▸ TASK REQUIREMENTS:
Exclude the images, then return every line below exactly as written.

▸ GIVEN DATA:
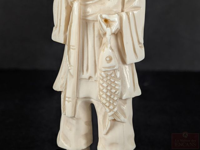 Lot # 187 - Sculpture orientale sur ivoire, circa 1950, représentant un pêcheur et mesurant 4 pouces de hauteur SOLD
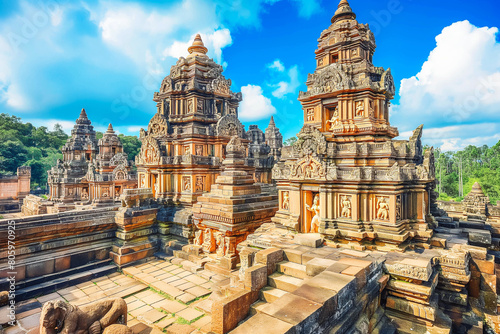 A breathtaking ancient temple complex with intricate carvings and statues, set against a vibrant blue sky.
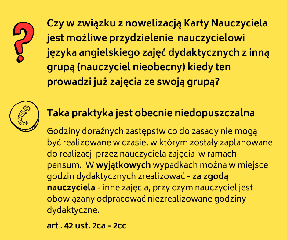 Niedopuszczalne jest przydzielenie doraźnego zastępstwa w ten sposób, że nauczyciel miałby prowadzić zajęcia jednocześnie w dwóch grupach – w jednej w ramach pensum, a w

▸ OUTPUT:
 Lot # 187 - Sculpture orientale sur ivoire, circa 1950, représentant un pêcheur et mesurant 4 pouces de hauteur SOLD
 A breathtaking ancient temple complex with intricate carvings and statues, set against a vibrant blue sky.
 Niedopuszczalne jest przydzielenie doraźnego zastępstwa w ten sposób, że nauczyciel miałby prowadzić zajęcia jednocześnie w dwóch grupach – w jednej w ramach pensum, a w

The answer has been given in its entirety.